Stimulation of endogenous antioxidant enzymes

The common mechanism involved is based on the formation of reactive chemical species. But this is also the principal mechanism in normal, chronological skin ageing because the energy metabolism in mitochondria continuously produces reactive chemical byproducts. Reactive chemical species are free radicals containing unpaired electrons such as superoxide, hydroxyl or nitric oxide but also non-radical derivatives of oxygen and nitrogen such as hydrogen peroxide. These reactive chemical species finally lead to DNA damage and the formation of oxidised lipids and proteins. The cells in our tissues normally react with antioxidant molecules and an up-regulated expression of antioxidant and detoxification enzymes.
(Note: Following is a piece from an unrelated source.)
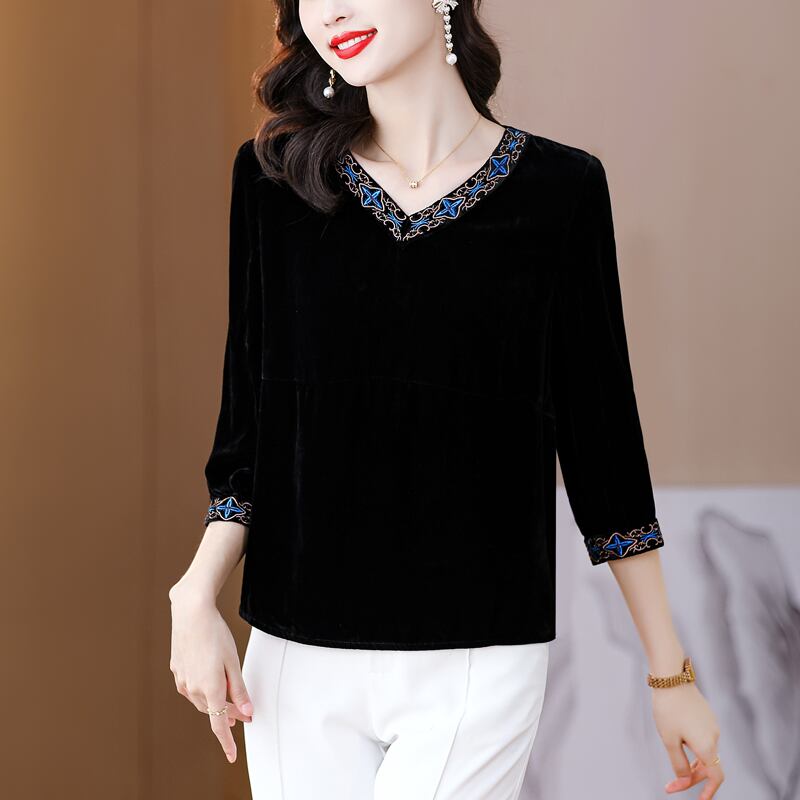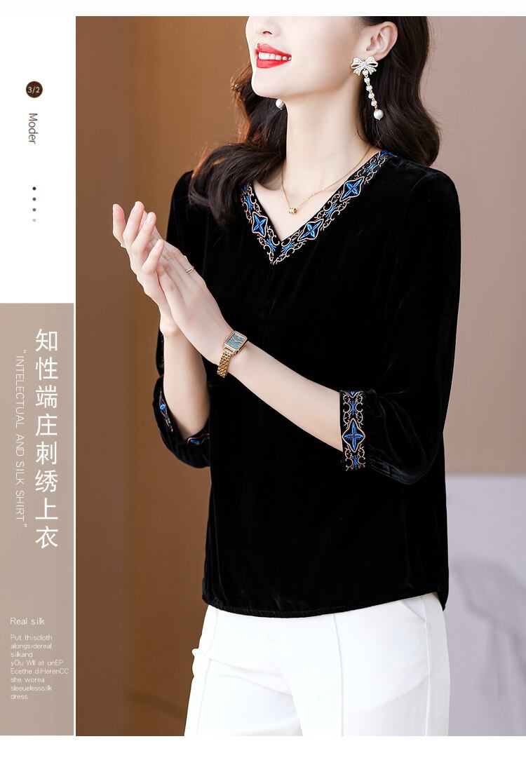 ゴールドベルベットシャツ オータムウィンタールーズ薄手刺繍トップス 大きめサイズ 秋物 冬物 muto1328614014

This cellular protection system can however not cope with an excess of detrimental chemical species related to unhealthy lifestyle factors. In addition, there is an age-related decline in cellular protection.
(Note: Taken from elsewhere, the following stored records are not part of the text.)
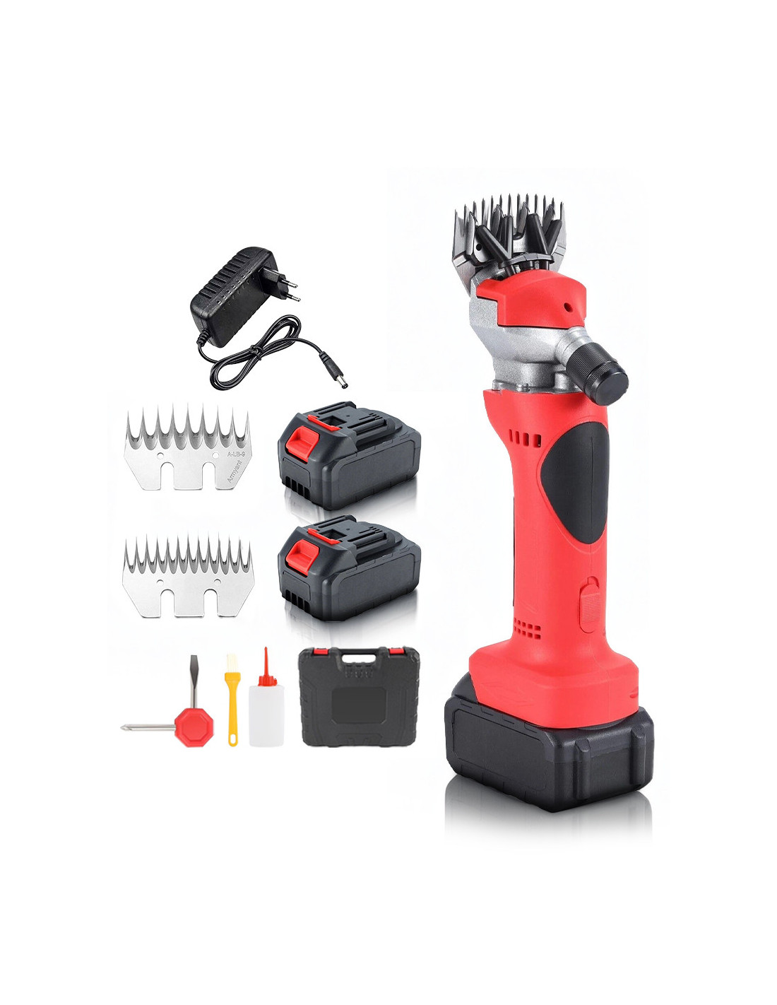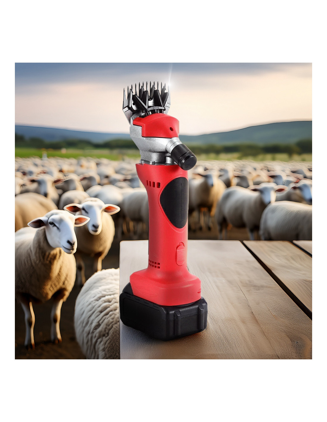 Esquiladora profesional a batería recargable de 48V, ideal para el esquilado eficiente y seguro de ovejas, cabras y otros animales de lana. Esta herramienta combina potencia, autonomía y practicidad, gracias al motor de alto rendimiento y a la doble batería de litio incluida, que garantiza tiempos de uso prolongados sin interrupciones.
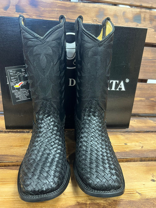 BOTA AZTECA PELO DE RES COLOR NEGRO HORMA BULL DOG SUELA DE CUERO
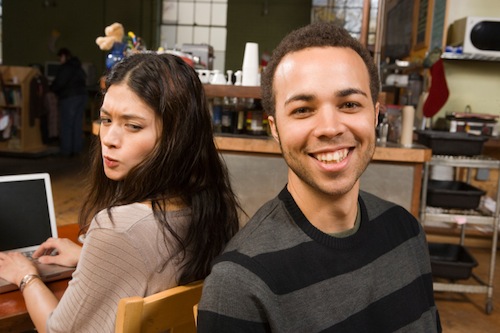 Young Woman at Laptop with Man at her Back
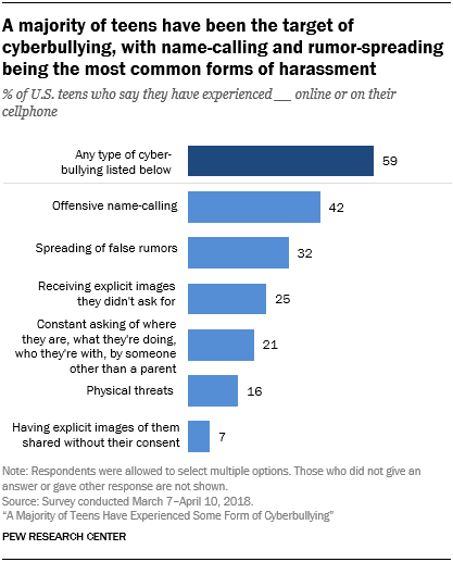 孩子们不仅在网上看视频,他们还在网上「肉搏」。根据皮尤研究中心(Pew Research Center)和多项针对青少年网络行为的数据显示,近一半(46%)的青少年曾经历过网络霸凌或骚扰。

Topically applied antioxidants like vitamins C and E can neutralise reactive chemical species but the vitamins are consumed after one reaction only. The better strategy would be to up-regulate the expression of antioxidant and detoxification enzymes which neutralise electrophiles and replenish used cellular antioxidants such as glutathione. The induction of protective enzymes in response to reactive chemical stress is regulated at the transcriptional level (Fig. 1). These cytoprotective enzymes are characterised by a specific gene sequence, called antioxidant response element (ARE). The expression of these proteins is regulated by the transcription factor Nrf2 that binds to the ARE site in the promoter regulatory sequence.^1,2 Nrf2 induces the expression of a number of genes involved in protecting cells against free radicals and oxidative stress- comprising genes involved in glutathione synthesis, protein thiol homeostasis and phase II antioxidant enzymes such as heme oxygenase 1(HO-1) and NAD(P)H dehydrogenase quinone 1 (NQO1).³

Under basal conditions, Nrf2 is repressed in the cytoplasm by binding to Keap1 (Fig. 1). In response to toxic chemicals and oxidative stress, the Nrf2- Keap1 complex is disrupted and Nrf2 translocates into the cellular nucleus to activate gene expression. When bound to Keap1, Nrf2 is constantly degraded because Keap1 targets Nrf2 for ubiquitination and degradation by the proteasome.⁴ Disruption of the Nrf2-Keap1 complex to avoid proteasomal degradation allows nuclear translocation and expression of ARE-regulated genes. Figure 2 shows the interaction between Nrf2 and Keap1 at the molecular level. The ‘ETGE’ amino acid motif in the Neh2 domain of Nrf2 is responsible for high-affinity interaction with the Kelch-repeat domain of the Keap1 protein.⁵ Responsible for binding are salt bridges between glutamic and aspartic acid residues in the Neh2 domain and arginine residues in the Kelch-repeat domain. The peptide acetyl-DEETGEF corresponding to a Neh2 sequence containing the ‘ETGE’ motif was developed to compete with Nrf2 for binding to Keap1. The heptapeptide was incorporated into solid lipid nanoparticles for stabilisation and for better penetration into the skin and increased cellular uptake. The size of the peptide (868 Dalton) and its hydrophilic nature would otherwise not allow significant penetration into the skin. Solid lipid nanoparticles were originally developed as drug delivery systems for intravenous and parenteral applications. They make possible a controlled release, protection of unstable ingredients and intracellular traffic. The acetyl-DEETGEF peptide in solid lipid nanoparticles (PerfectionPeptide P7; INCI: Acetyl sh- Heptapeptide-1, Glycerin, Butyrospermum Parkii (Shea) Butter, Lecithin, Phenethyl Alcohol, Ethylhexylglycerin, Tocopherol and Water) was tested in cell culture assays and clinical studies for stimulation of the skin’s own defence systems against toxic reactive chemicals.